** Exercise data follows **

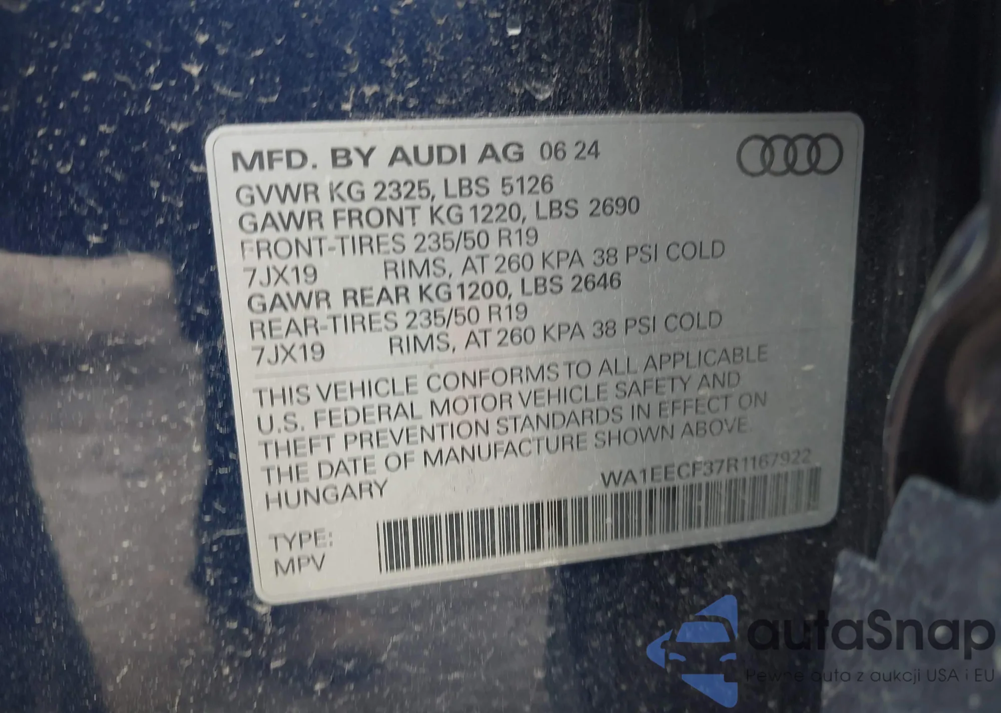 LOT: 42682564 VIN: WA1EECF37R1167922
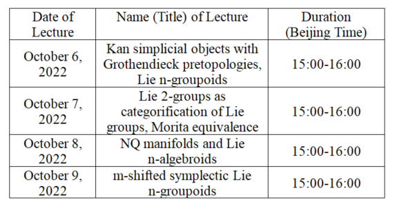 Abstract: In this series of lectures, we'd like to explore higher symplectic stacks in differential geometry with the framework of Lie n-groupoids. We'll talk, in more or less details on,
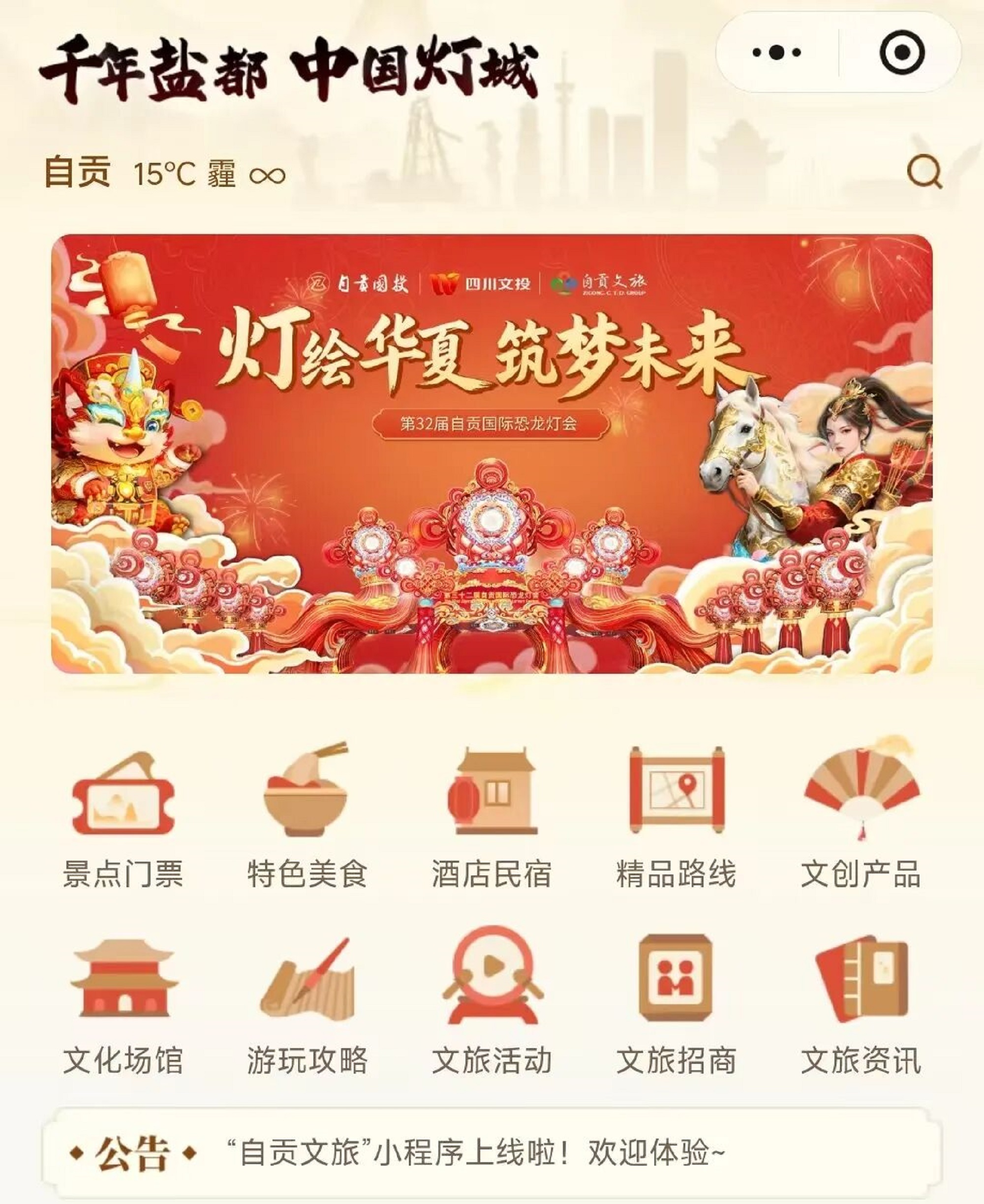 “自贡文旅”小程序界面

** End of Exercise data **

**Task prompt**
Excluding images, output exactly the lines from the one that holds "Abstract: In this" through the final line of the material, both ends included.

**Response box**
 Abstract: In this series of lectures, we'd like to explore higher symplectic stacks in differential geometry with the framework of Lie n-groupoids. We'll talk, in more or less details on,
 “自贡文旅”小程序界面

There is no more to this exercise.